第2話 転校生が前世の従者だった②

「……え?アレク、ティス……?」


 俺の、前世の名前……?

 どうしてこの転校生が俺の前世の名前を……?

 というか、前世では果たせなかった愛……?

 そして、あの姿勢や動き、この喋り方やどことなく懐かしい雰囲気────


「まさか……アリシア、なのか?」


 俺のその問いに対して、アリシアは笑顔で答えた。


「はい!」


 そして、アリシアは続けて膝の上に置いている俺の手に自分の手を重ねて言った。


「アレクティス様……あぁ、またこうしてあなたの手に触れられる時が来るなんて……私はとても幸せです……」


 ……この雰囲気、間違いなくアリシアだ。

 前世でずっと一緒に居たアリシアの姿形が変わろうと、こうして接してみればそれを間違うはずがない……だが。


「こんなことが起きるなんて、信じられ────」

「継条くん、転校生が来てお話したくなる気持ちはわかりますが、今はホームルーム中ですのでお静かにお願いします」

「……すみません」


 担任の先生にそう指摘された俺は素直に謝った。

 俺の心情がどうであろうと、学校のホームルームの進行には関係無いことだからだ……その後、クラスメイトの男子生徒たちが俺の方に向けて言った。

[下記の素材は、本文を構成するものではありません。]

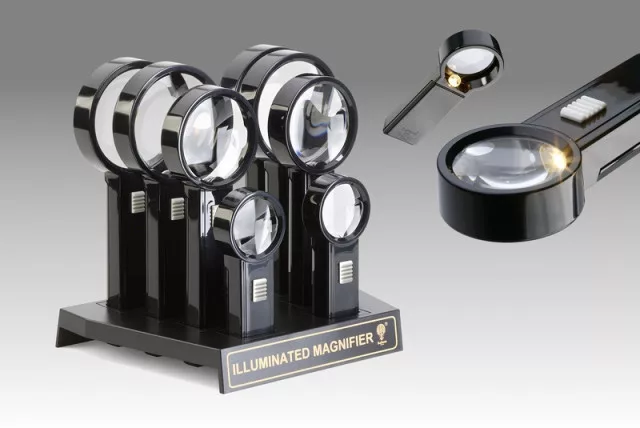 Olvasónagyító készlet 8db világítással + állvány műanyag lencsékre.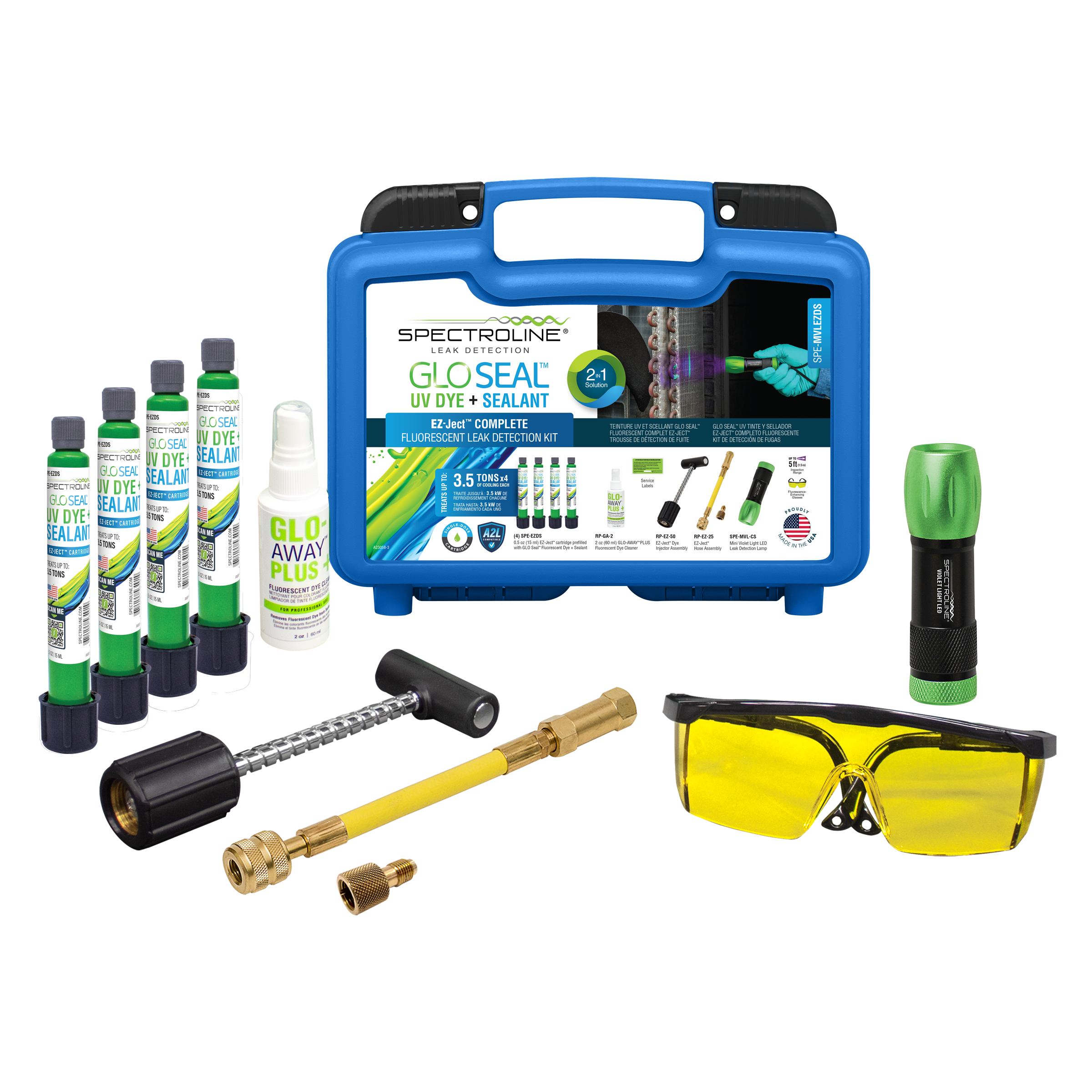 This kit combines the EZ-Ject™ injection system with a mini UV LED leak detection lamp, allowing technicians to inject dye and sealant and immediately verify leaks during the same service visit. Its compact size makes it ideal for mobile technicians and routine service calls.

「そうだぞ継条〜!七深さんが可愛いからってホームルーム中に喋るな〜!」

「そうだそうだ!隣の席が七深さんなんて羨ましいやつめ〜!!」


 そう野次を飛ばされた俺だったが────


「あなたたちもお静かにお願いします」

「う、うっす」

「す、すんません」


 担任の先生がその野次を飛ばしたクラスメイトに対してそう言ったため、俺への野次は止まった。

 ちなみに、弁明の必要は無いと思うが、俺はあの男子生徒たちが言ってきたような心情を持って隣に居る七深────アリシアと話をしようとしていたわけじゃない。

 ひとまず、休み時間までは余計なことをしないことだな……ということで、他人からは机で隠れて見えないだろうが、俺は念の為に膝の上に置いてある俺の手に自らの手を重ねてくるアリシアの手を俺から離すことに決めた────が。


「アレクティス様……こうして、温かなあなたのお手に触れられることを、私は本当に心待ちにしていたのです……アレクティス様……」

「……」


 しばらく、アリシアは俺の手を離してくそうになかったため、俺は自らの手を放置することに決めた。

 そして────休み時間になると、俺はアリシアのことを教室から連れ出して人気の無い屋上へ連れてきた。


「アレクティス様、私と二人になりたいと仰ってくださり、私は今幸福な気持ちでいっぱいです……」

「二人になりたいじゃなくて二人で話したいと言ったんだ……はぁ、もう半ば確信していたが、その様子だと本当にアリシアみたいだな」

「その通りです」


 目の前に居るのがアリシアだと確認できたため、そうだとするなら聞きたいことが山ほどあるが……一番最初に聞くなら、俺が死に際までずっと気にかけていたことだ。


「アリシア……アリシアは、俺が死んだ後ちゃんと幸せになれたのか?」


 ────アリシアが幸せになること。

 それだけが、死期を迎えた俺の唯一の望みだった。

 今こうしてアリシアと別の世界で、別の命で再会できたと言っても、そのことはやはり気にかかっているため俺がそう聞くと、アリシアは答えた。


「アレクティス様を失った私に、もはや目指すべき幸せの形などございませんでした……なので、幸せになどなれませんでした」

「っ……!そんなことは無かったはずだ、アリシアは俺への執着さえ無ければ、爵位が無くとも他の貴族から婚約を求められるほどの────」

「ですが、そのおかげで私は、私にとってどれほどアレクティス様が大きな存在であったのかを深く、深く身に刻むことができました……そして────私たちは、またこうして世界も時も超えて出会うことができたのです……ですから、アレクティス様」


 アリシアは、俺の左手を両手で優しく握りながら言った。